De seguido he estado comiendo con Mehmet porque el gran Buda de Mahamuni ya no tenía tanta importancia. Justo le he dado un vistazo fugaz, lo suficiente para comprobar que el pan de oro que le adhieren los fieles ya forma una costra en su cuerpo de dimensiones bíblicas. A esas alturas ya eran las esquirlas del ayer las que me habían vuelto a tajar hasta la médula. Y él, generoso, memoria prodigiosa, me relataba cuando mi madre se olvidó las gafas y tuvimos que regresar a por ellas o cuando, un par de años después, mi hermano y yo tomamos la ruta a Paleik por aquel camino que era polvo y al bajarnos parecíamos espectros bajo nívea sábana. Risas de felicidad en ambos casos. “¿Por qué dejaste el rickshaw?”, le pregunto en ésas. “Porque la ciudad y las calles han cambiado, porque los turistas ya no quieren montarse en ellos, porque era muy duro pedalear cuando llegaba el monzón y todo era barro”, responde nostálgico. Que al menos ha engordado, le respondo para romper el hilo, no ajeno a un tiempo que ya se nos fue. Y pienso, entristecido, que aquél era también mi tiempo, nuestro tiempo, madre, y que este Myanmar de precios hinchados y turistas por miles parece pillarme muy a desmano. Y hasta pienso en todos ésos que afirman que un viajero no debe regresar al lugar donde encontró felicidad. ¿Y renunciar a Mehmet?, ¿renunciar a un mundo que ha cambiado tanto como yo?
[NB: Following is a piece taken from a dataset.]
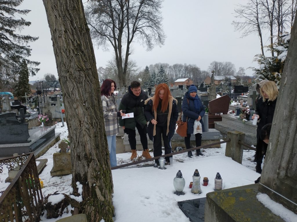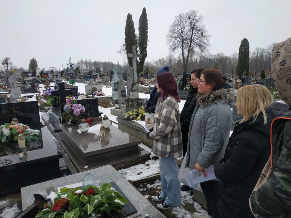 W drodze powrotnej uczniowie zapalili znicze na cmentarzu w Bystrzycy Starej na grobie śp. Eugenii Gąsior wieloletniej nauczycielki naszej szkoły. Znicze zapłonęły także przed tablicą pamiątkową pilota Jana Jakubowskiego, który zginął w 1943 roku w Anglii.
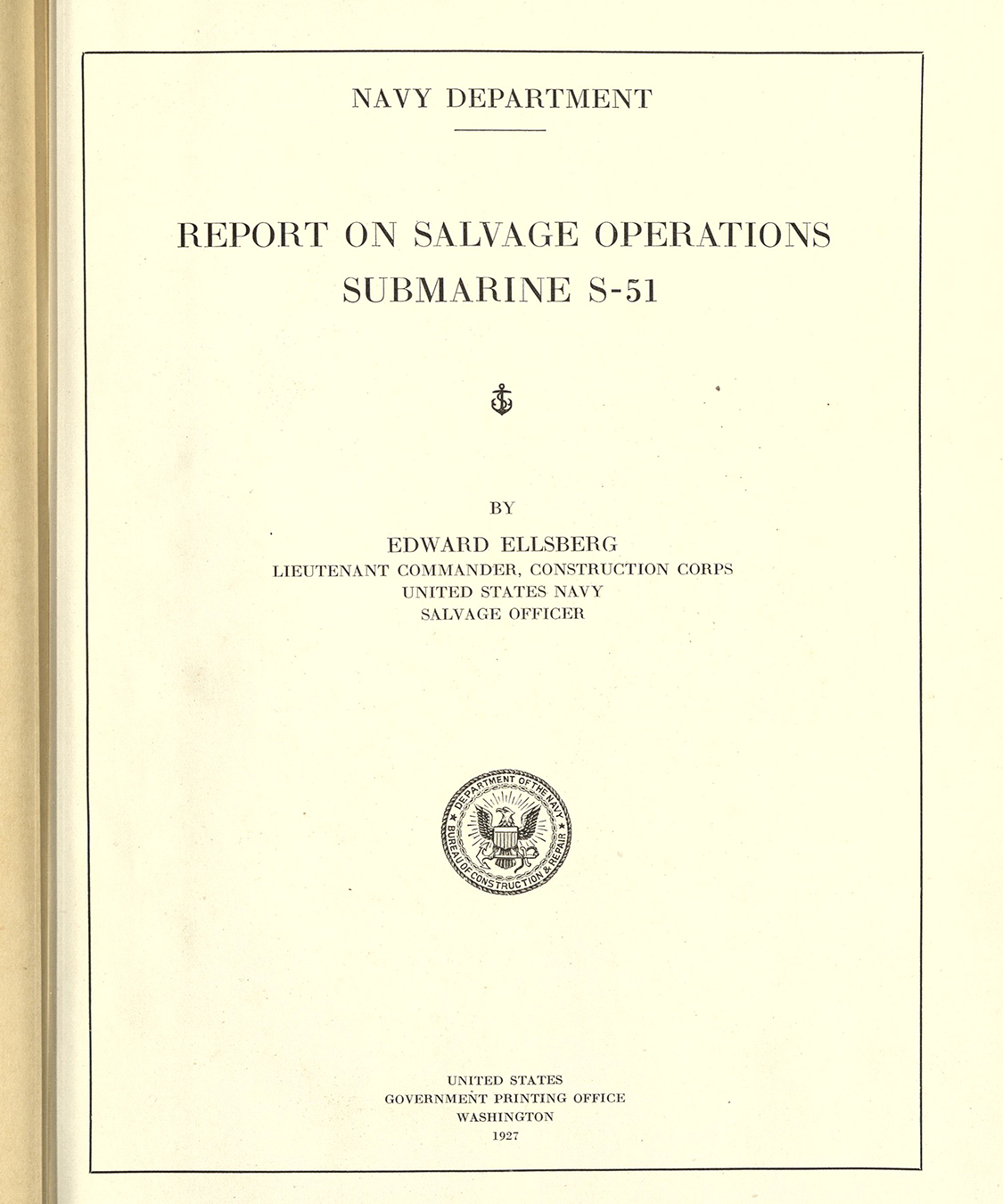 Report on Salvage Operations Submarine S-51

Olvidar que Mehmet refleja el dogal que todos llevamos al cuello es la mayor perversión de cualquier viajero, es la linde entre viajeros y turistas que coleccionan países con la misma celeridad con que olvidan rostros. Él quizás ya no recordará nuevos nombres porque el turismo en masa lo impedirá, y yo no descubriré nuevos tipos como él porque ese mismo turismo todo lo pervertirá. Pero le conocí en un tiempo y lugar que siempre será nuestro, por millones de turistas que vengan, por mucho que cambie Mandalay. ¿Quién podría recordar a mi ya fallecida madre y el día que olvidó sus gafas? Eso sí es un viaje en sí mismo, el resto solo fotos con aspiración a postal en marco de pitiminí. Él, volviendo a aquellas palabras de dos mil nueve, vuelve a recordarme qué es importante y qué solo ilusión. 
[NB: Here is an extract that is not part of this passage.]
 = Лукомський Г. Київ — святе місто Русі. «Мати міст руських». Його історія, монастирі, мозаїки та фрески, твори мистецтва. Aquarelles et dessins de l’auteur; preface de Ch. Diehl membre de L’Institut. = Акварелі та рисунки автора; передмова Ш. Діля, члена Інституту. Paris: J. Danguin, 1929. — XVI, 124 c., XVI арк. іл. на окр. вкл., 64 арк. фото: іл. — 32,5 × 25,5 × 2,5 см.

Cuando llega la noche acabamos en una beer station cerca de mi hotel. Le largo los siete mil kyat pactados y le excuso para que se marche si quiere, que ya volvería andando al hotel. Ya no es “up to you” a la hora de pagar, ya no es “lo que quieras, David, lo que quieras”. “Times are changing”, que cantaba Bob Dylan, y solo queda asumirlo en la certeza de que ahora es su tiempo de opulencia con trabajo a mansalva. Eso sí, sí que, como antaño, vuelve a pedirme que le contrate al día siguiente en mi ruta por Amarapura, Ava y Mingún. ¿Y el precio? Lo piensa y me dice veinticinco mil, para poco después desgranar esos ridículos poco más de quince euros que me pide con la novedad de que ahorro el barco a Mingún y el coche de caballos en Ava, casi diez pavos al cambio, ya que él me hace todos los recorridos en la moto. Viendo en qué se ha convertido este país, juguete novedoso de millones de occidentales con carteras generosas, no debería dudar en aceptarlo. Es tan obvio que Mehmet me lo pone fácil, que me tira el precio, como complejo el hacer un esfuerzo y aceptar. Lo pienso unos segundos. En los últimos tiempos mantengo una vocación de ir cambiando chóferes y servicios a diario para repartir equitativamente la pasta, pero es mirando a los ojos a Mehmet cuando comprendo rendido que Myanmar, mi Myanmar, nuestra Myanmar, vieja, nuestra Myanmar, Ina, aún calienta de sobra si el azar te permite, como me ha sucedido a mí, remover los rescoldos. Se llamen Mehmet o como se llamen. Qué es importante y qué solo ilusión, ¿recuerdas? Pasado mañana ambos volveremos a ser historia. Y quizás ya sí que para el resto de la vida.

4 comentarios:

Anónimo dijo...

Mehmetoy poniendo a llorar cabron...disfruta con mehmet escuchando sus historias y despues di que tu escribes libros...lied-man!!

Botitas dijo...

Jajaja. Imagino que el espíritu travieso de la gorda ha tenido que mover algún hilo desde allí arriba para hacer posible el reencuentro.

Anónimo dijo...

Hola
Se te ve muy bien, hasta mas delgado.Tiene muy buena pinta el libro,que disfrutes lo que te queda por esas tierras.
Papa y Mama estarán muy orgullosos de ti.
Gracias por el capitulo dedicado del libro.
JB

Botitas dijo...

Gracias, Jesus. De delgado nada, tío, es el efecto del chaleco que queda ceñido, jajaja. Abrazote.